Beginning with the first line, return the material verbatim and without pictures.
** Input follows **
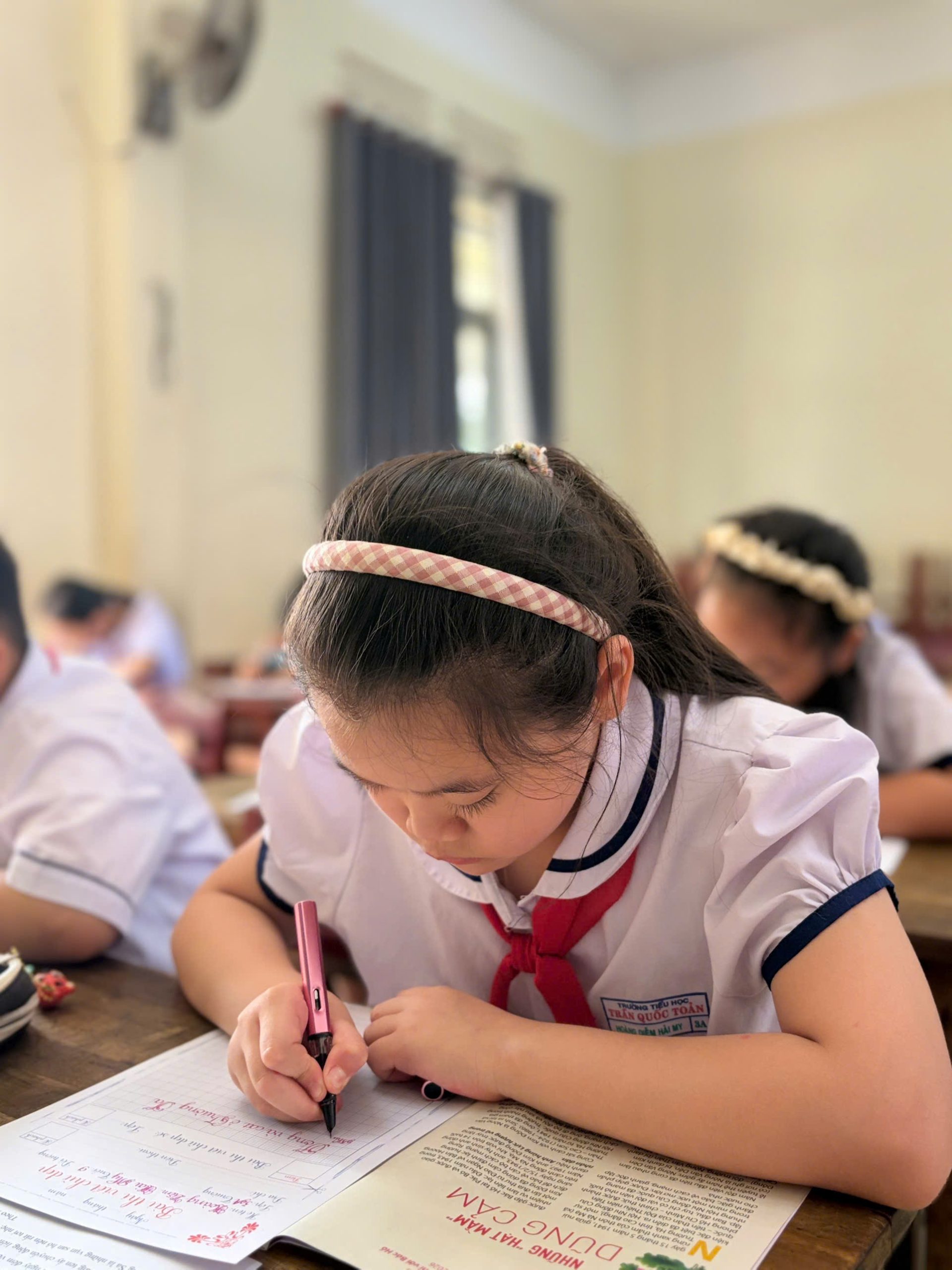 Những đôi tay nhỏ nhắn nâng niu cây bút, điều khiển từng nét thanh mỏng manh như tơ trời, từng nét đậm vững chãi như ý chí. Mỗi trang giấy trắng dần hiện lên những dòng chữ đều tăm tắp, thanh thoát như những cánh hoa đang độ khai nhụy.
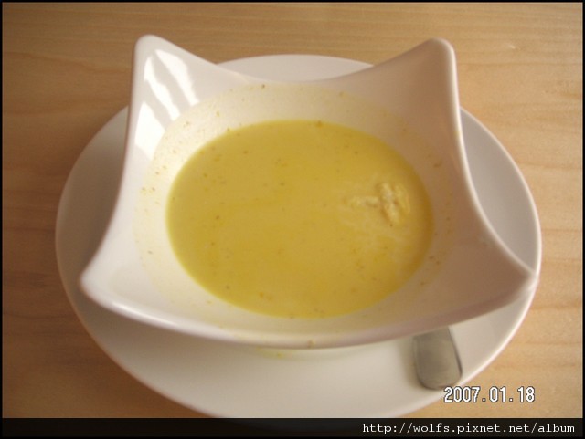 先送來的是 南瓜湯, 清清如水的湯, 沒有什麼南瓜味, 更別說有什麼顆粒了, 連味道都很淡....
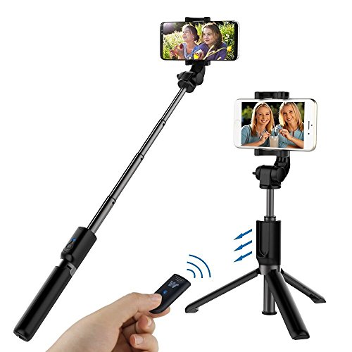 【BLUETOOTH SELFIE STICK with REMOTE and TRIPOD】Selfie stick tripod with built-in Bluetooth remote, up to 33ft or 10 meter connection distance, it can help you to take a self-photograph or group photos. Record your important moment like travel, graduation, parties, wedding. and it can also be a phone holder so you can watch movies at home, have a video conferencing in the company and shoot videos.
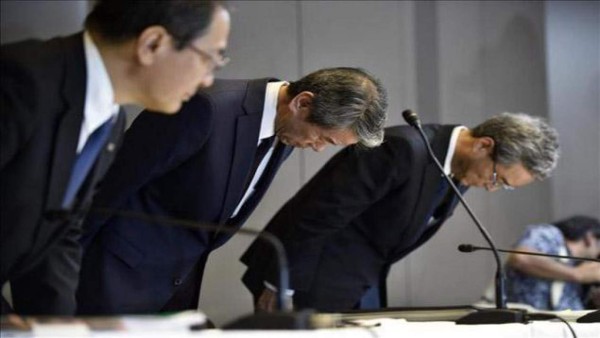 Hisao Tanaka, director ejecutivo de Toshiba, hizo una reverencia de 15 segundos el martes en ocasión de su renuncia debido a un escándalo contable de US$1,2 mil millones. Tanaka y otros siete ejecutivos asumieron la responsabilidad de los engaños que comenzaron en 2008. Taro Aso, ministro de finanzas de Japón, advirtió que esto podría ocasionar una 'pérdida de confianza por parte del mercado'.
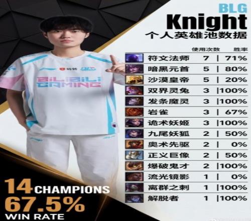 BLG Knight 14个英雄,选用最多的英雄为瑞兹(7次),胜率71%
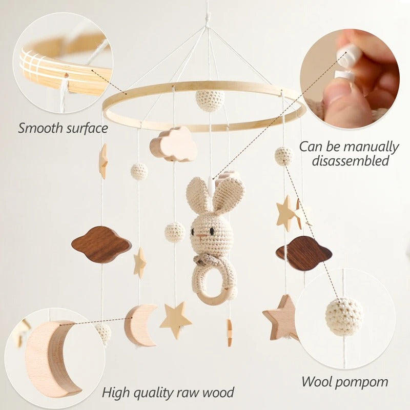 Baby Wooden Crib Mobile with Cartoon Rabbit Bells – Hanging Rattles Toy Holder and Arm Bracket, Perfect Gift for Kids
** End of Input **
▶ _Solved exercise_:
 Những đôi tay nhỏ nhắn nâng niu cây bút, điều khiển từng nét thanh mỏng manh như tơ trời, từng nét đậm vững chãi như ý chí. Mỗi trang giấy trắng dần hiện lên những dòng chữ đều tăm tắp, thanh thoát như những cánh hoa đang độ khai nhụy.
 先送來的是 南瓜湯, 清清如水的湯, 沒有什麼南瓜味, 更別說有什麼顆粒了, 連味道都很淡....
 【BLUETOOTH SELFIE STICK with REMOTE and TRIPOD】Selfie stick tripod with built-in Bluetooth remote, up to 33ft or 10 meter connection distance, it can help you to take a self-photograph or group photos. Record your important moment like travel, graduation, parties, wedding. and it can also be a phone holder so you can watch movies at home, have a video conferencing in the company and shoot videos.
 Hisao Tanaka, director ejecutivo de Toshiba, hizo una reverencia de 15 segundos el martes en ocasión de su renuncia debido a un escándalo contable de US$1,2 mil millones. Tanaka y otros siete ejecutivos asumieron la responsabilidad de los engaños que comenzaron en 2008. Taro Aso, ministro de finanzas de Japón, advirtió que esto podría ocasionar una 'pérdida de confianza por parte del mercado'.
 BLG Knight 14个英雄,选用最多的英雄为瑞兹(7次),胜率71%
 Baby Wooden Crib Mobile with Cartoon Rabbit Bells – Hanging Rattles Toy Holder and Arm Bracket, Perfect Gift for Kids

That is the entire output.